What was the matter with her? She was growing positively brutal! She fled from the room, leaving Milly to cough and choke alone.
2
Christmas dinner at the Bensons' was a pleasant enough festivity. Mrs. Benson was delighted that the Ogdens had come, for Richard was at home. His stolid determination not to seek Joan out, coupled with his evident melancholy, had begun to alarm his mother. She tried to lead him on to talk about the girl, but he was not to be drawn. The situation was beyond her. If Richard was in love with Joan, why didn't he marry her? His father couldn't very well refuse to make him a decent allowance if he married; it was all so ridiculous, this moping about, this pandering to Joan's fancies.
"Marry her, my son, and discuss things afterwards," had been Mrs. Benson's advice.
But Richard had laughed angrily. "She won't marry me, unfortunately."
"Then make her, for of course she's in love with you."
No good; Mrs. Benson could not cope with the psychology of these two. She felt that her only hope lay in propinquity, so if Richard would not go to Joan the roles must be reversed and Joan must be brought to Richard. She watched their meeting with scarcely veiled eagerness.
They shook hands without a tremor; a short, matter-of-fact clasp. Curious creatures! Mrs. Benson felt baffled, and angry with Richard; what was he thinking about? He treated Joan like another boy. No wonder the love affair was not prospering!
Elizabeth was already there when the Ogdens arrived, and she, too, watched the little comedy with some interest.
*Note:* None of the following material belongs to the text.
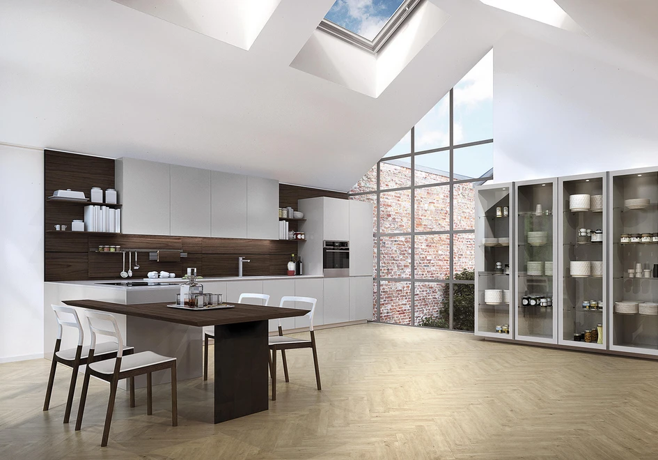 Even if there’s not enough space for an additional island, you may consider doing away with the wall-connected counters, altogether. By positioning this Filó kitchen island from Euromobil alongside slimmer shelving with no counter, the kitchen becomes bathed in space.Extra-large kitchen spaces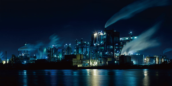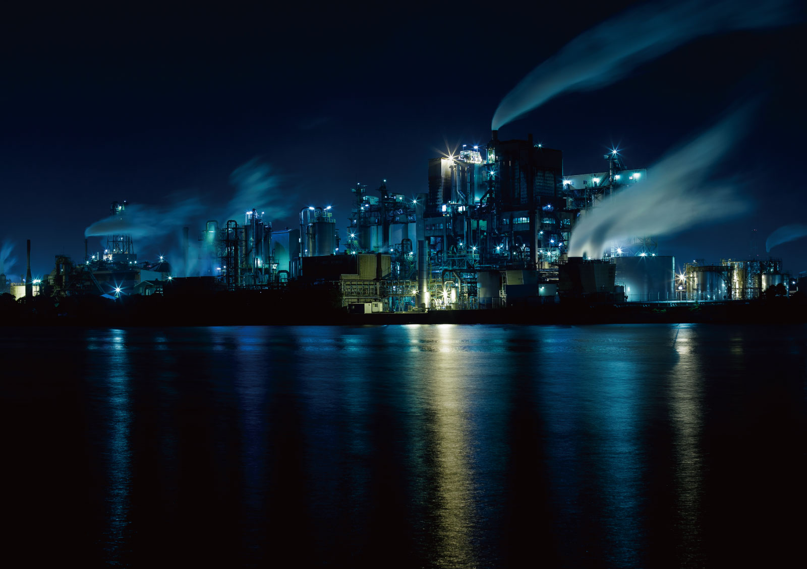 灯りに照らされるのは、群れをなす複雑な構造物の塊。闇の中に、むき出しの配管や巨大なタンクなどが妖しく浮かび上がる光景は、SF映画にでてくる無機質な未来都市、はたまた要塞のよう。これが意図的にデザインされたものではなく、あくまで機能を追求して作られた結果としての“構造美”なのだから、スケールの大きさも含め、圧巻としか言いようがない。

She would rather have liked to talk to Richard about Cambridge, it was so long since she herself had been there, but Lawrence Benson was for ever at her elbow, quietly obtrusive. He had taken to wearing pince-nez lately. Elizabeth wished that he had not chosen the new American rimless glasses; she felt that any effort to render pince-nez decorative only accentuated their hideousness. She found herself looking at Lawrence, comparing the shine on his evening shirt front with the disconcerting shine of his glasses. He was very immaculate, with violets in his buttonhole, but he had aged. The responsibility of partnership and riches appeared to have thinned his sleek hair. Perhaps it made you old before your time to be a member of one of the largest banking firms in England—old and prim and tidy. Elizabeth wondered.
Lawrence reminded her of an expensive mahogany filing cabinet in which reposed bundles of papers tied with red tape. Everything about him was perfectly correct, from the small, expensive pearl that clasped his stiff shirt, to his black silk socks and patent leather shoes. His cuff-links were handsome but restrained, his watch-chain was platinum and gold, not too thick, his watch was an expensive repeater in the plainest of plain gold cases.